Tree-based methods are fairly versatile at handling categorical variables because it doesn't rely on _just_ the mathematical property of the numeric representation. This means it would make sense to use ensembles on both ordinal and nominal categorical variables. The choice between Random Forest and Gradient Boosting may be based on the size of the data among other priorities.

Note that different frameworks (packages) have different ways they handle categorical variables. LightGBM is a framework that handles both nulls and categorical variables without prior encoding.

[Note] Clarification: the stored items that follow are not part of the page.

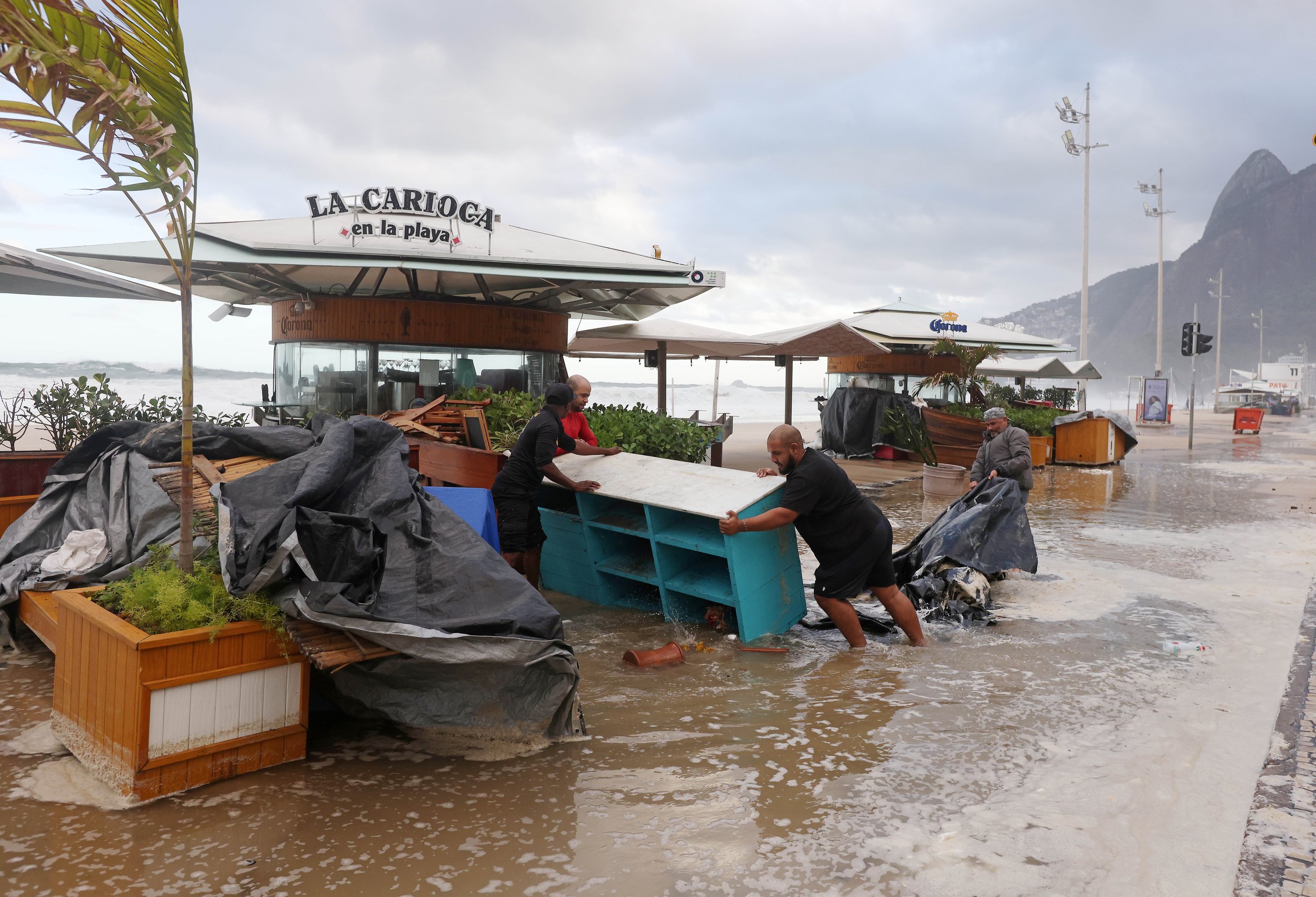 July 29, 2025—Workers from the La Carioca kiosk attempt to save a cabinet that was washed away in the aftermath of a powerful winter storm that sent ocean waves surging over the beach in a rare storm surge event. Rio de Janeiro municipal cleaning crews from Comlurb were dispatched to help clean up the flooding along the Leblon boardwalk and Delfim Moreira Avenue. The violent surge caused significant damage to several beachfront kiosks and scattered debris across the normally bustling coastline."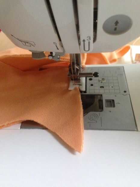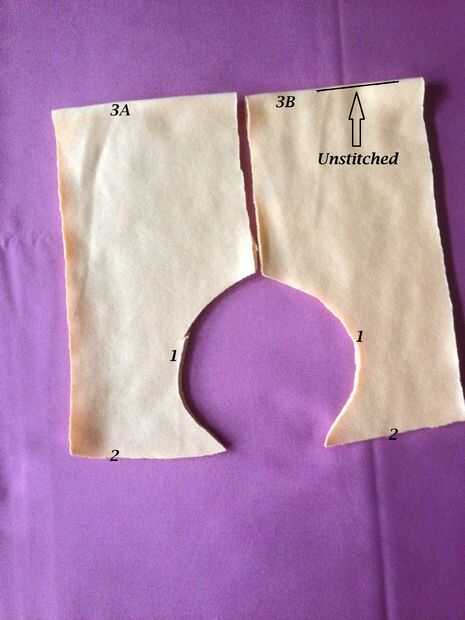 3B. coser hasta el talón de la línea manteniendo 1 1/2 pulgadas descosido en el centro para "dar vuelta". Ver imagen.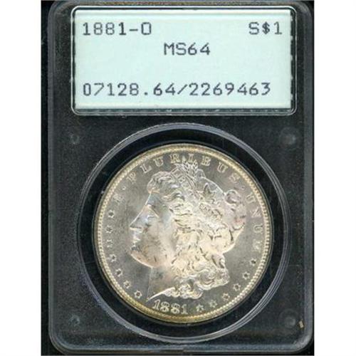 <b>1881-O Morgan Dollar. PCGS graded MS64.</b> Frosty white texture with splendid visual appeal <b>(PCGS # 7128)</b>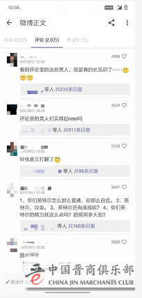 目前,在@英特尔中国的官方微博下方评论已达到2万条,内容多为针对此次事件两方网友的争吵。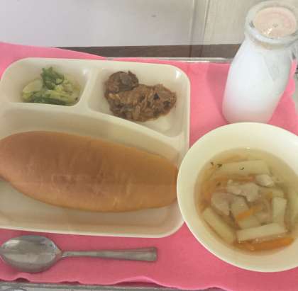 今日はパンプキンパン、豚肉のデミグラスソース、スープ、キャベツとピーマンのソテーでした。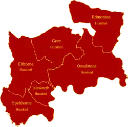Avant la création du comté de Londres en 1889, le Middlesex inclut la majorité de la zone urbaine de Londres. Les portions du Middlesex rattachées au comté de Londres cette année-là correspondent approximativement aux boroughs actuels de Camden, Hackney, Hammersmith et Fulham, Islington, Kensington et Chelsea, Tower Hamlets ainsi que la Cité de Westminster.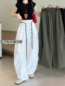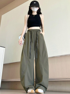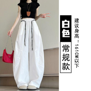 速乾性シミターパンツ女性の夏薄い 2025 新しいハイウエスト多用途痩身カジュアルパンツ怠惰なルーズワイドレッグパンツ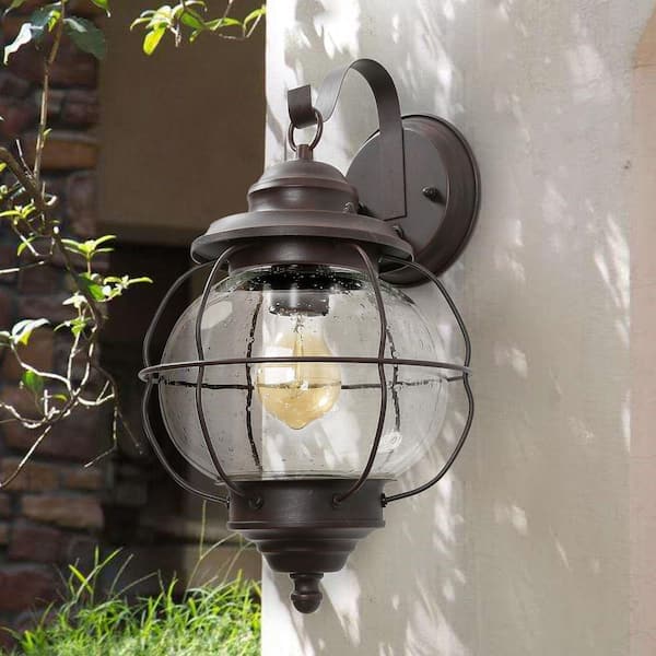 Modern Bronze Outdoor Wall Sconce Coastal Industrial 1-Light 10 in. Coach Light with Cage-Seeded Glass Shade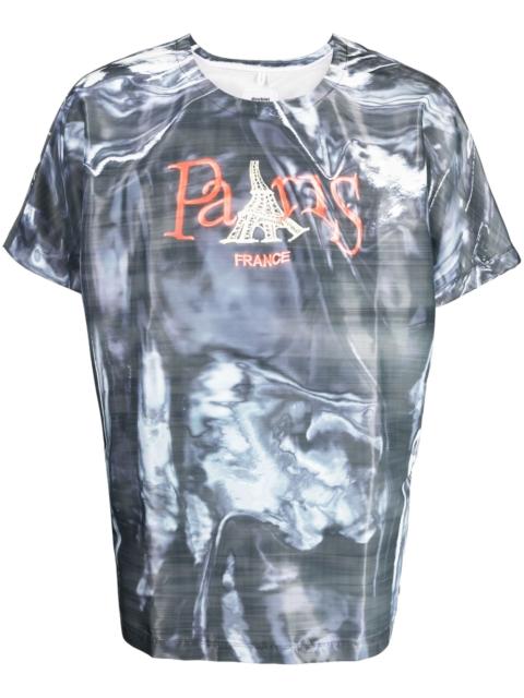 graphic-print cotton T-shirt blue all-over graphic print crew neck short sleeves straight hem Imported Composition Body: Polyester 73%, Nylon 27% SIZE & FIT Model measurements Height 6 ft 2 in(1.87 m) Bust/Chest 36.22 in(92 cm) Hips 37.79 in(96 cm) Waist 28.34 in(72 cm) Measurement CHEST 52.75 in(134 cm) LENGTH 26.77 in(68 cm) FittingInformation Designed to be unstructured, offering a loose fit throughout Made from a lightweight non-stretch fabric This piece fits true to size – take your usual size Washing instructions Dry Clean Only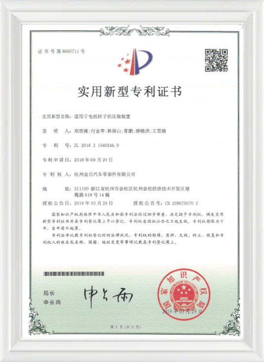 Patentový certifikát úžitkového vzoru pre lisovacie zariadenie vhodné pre rotor motora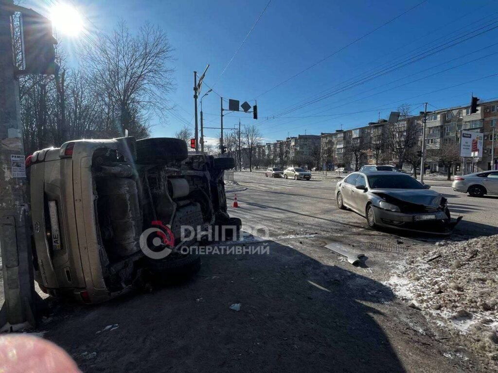 У Дніпрі автівка перекинулася на бік після ДТП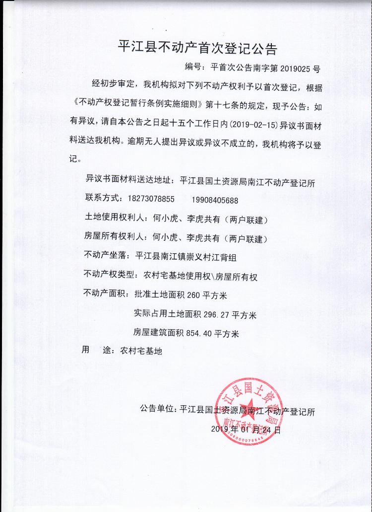 何小虎 李虎平江县不动产首次登记公告南字第2019025号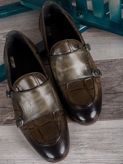 Мужские туфли в стиле классика/ Монки мужские 1509-51-00 Хаки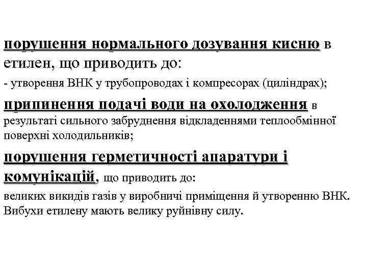 порушення нормального дозування кисню в етилен, що приводить до: - утворення ВНК у трубопроводах і компресорах (циліндрах); припинення подачі води на охолодження в результаті сильного забруднення відкладеннями теплообмінної поверхні холодильників; порушення герметичності апаратури і комунікацій, що приводить до: великих викидів газів у виробничі приміщення й утворенню ВНК. Вибухи етилену мають велику руйнівну силу.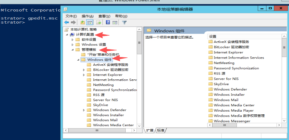 回车。进入”本地组策略管理器“-选择计算机配置-管理模板-Windows组件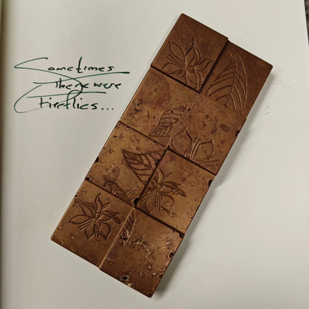 Bolivia Itenez HCP Heirloom No.2 wild harvest 62% dark milk chocolate with ginger, sapote seed, and Grenada nutmeg.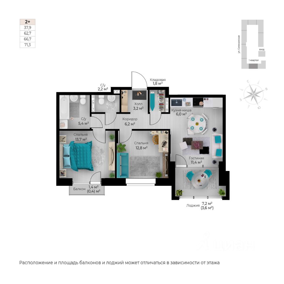Продаётся 3-комнатная квартира в строящемся доме (I этап), срок сдачи: IV-кв. 2026, общей площадью 67.7 кв.м., на 5 этаже. Новый жилой комплекс ''Ветлан'' от застройщика ''Пермит'' расположен в г. Пермь на ул. Ивана Франко.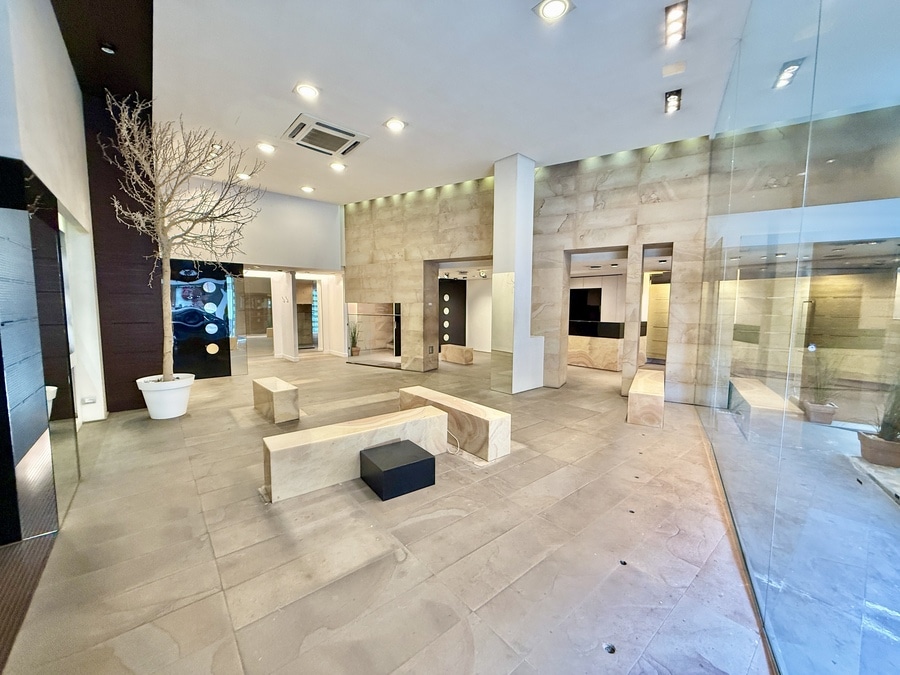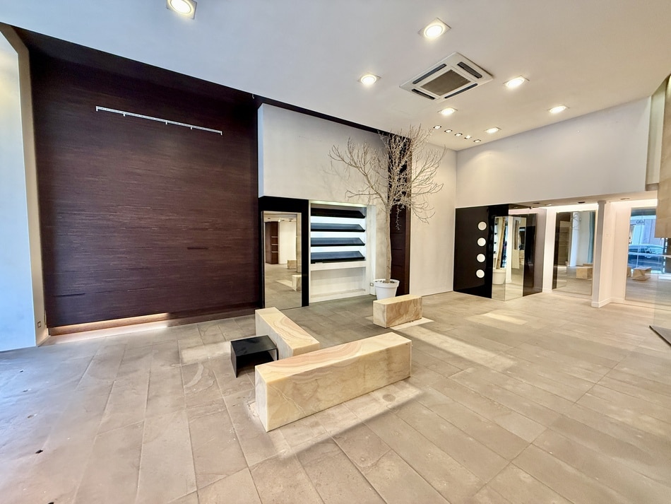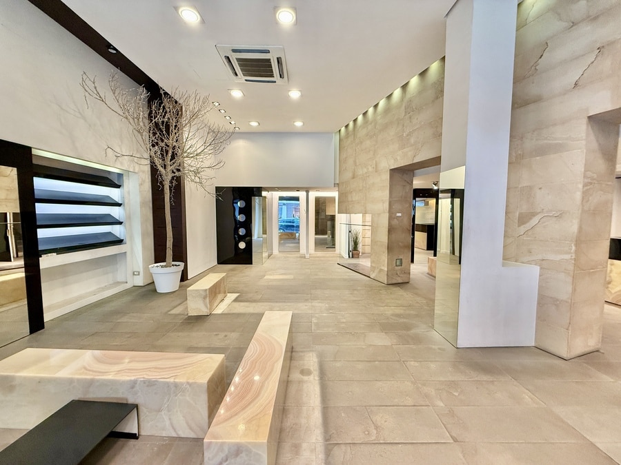 Data la qualità delle finiture, con pavimenti in gres posati a tappeto ed una illuminazione ben bilanciata, possiamo dire che questa proposta è ideale per attività professionali o commerciali che desiderano un ambiente rappresentativo unito ad una visibilità di primo piano.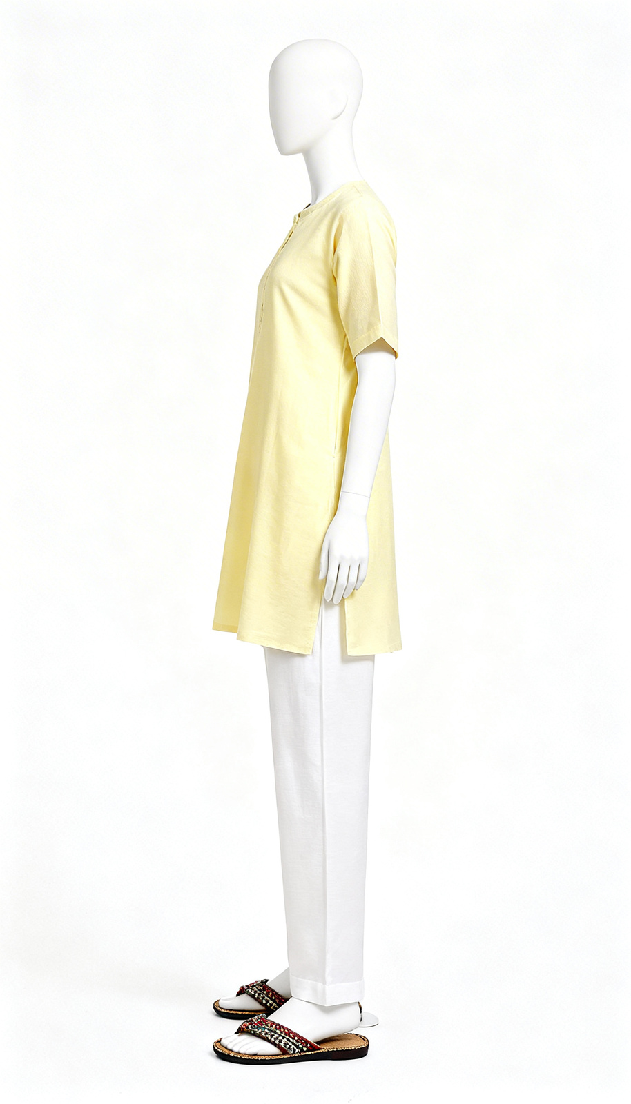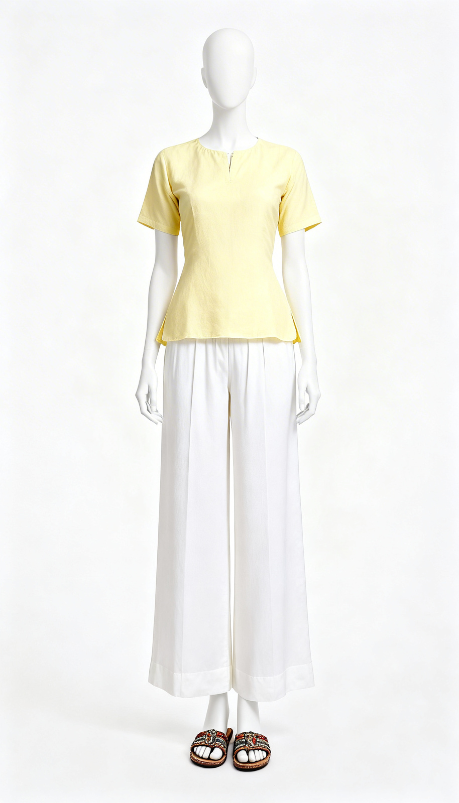 This white wide-leg palazzo is crafted from lightweight, breathable fabric that offers effortless drape and comfort. The relaxed silhouette provides free movement, while the elastic waistband ensures a secure and easy fit. Perfect for pairing with kurtas, long tops, and festive outfits, making it a versatile essential for everyday ethnic wear and rental collections.

<table style="width: 100%;">
    <thead>
        <tr>
            <th style="text-align:left;">Aspect</th>
            <th style="text-align:center;">XGBoost</th>
            <th style="text-align:center;">CatBoost</th>
            <th style="text-align:center;">LightGBM</th>
        </tr>
    </thead>
    <tbody>
        <tr>
            <td>Encoding input</td>
            <td style="text-align:center;">Encoded, indicate indices</td>
            <td style="text-align:center;">Indicate indices</td>
            <td style="text-align:center;">As type "category"</td>
        </tr>
        <tr>
            <td>Encoding method</td>
            <td style="text-align:center;">Label encoding</td>
            <td style="text-align:center;">Ordered target encoding</td>
            <td style="text-align:center;">Label encoding</td>
        </tr>
        <tr>
            <td>Optimal split</td>
            <td style="text-align:center;">Similar leaf values</td>
            <td style="text-align:center;">Greedy splitting</td>
            <td style="text-align:center;">Gradient One-Sided Sampling (GOSS) + Feature Bundling</td>
        </tr>
        <tr>
            <td>Tree Growth</td>
            <td style="text-align:center;">Level-wise</td>
            <td style="text-align:center;">Level-wise, Symmetric</td>
            <td style="text-align:center;">Leaf-wise</td>
        </tr>
        <tr>
            <td>Null handling</td>
            <td style="text-align:center;">Input as is*</td>
            <td style="text-align:center;">Need to Impute</td>
            <td style="text-align:center;">Input as is</td>
        </tr>
    </tbody>
</table>


# Extra Techniques

## Neural Networks

Using a 1000-row dataset may be an unfair use case for neural networks on categorical variables. So this won't be demonstrated at this time, but we can discuss why it may not work for categorical variables, especially unordered / nominal ones. It mainly has to do with the fact that neural networks are series of mathematical operations, like taking the max or exponential, and combinations of them. This hardly makes sense for a random number that serves as a stand-in for our categorical value.

You can, however, use it for one-hot encoded or target-encoded nominal variables or label-encoded ordinal variables.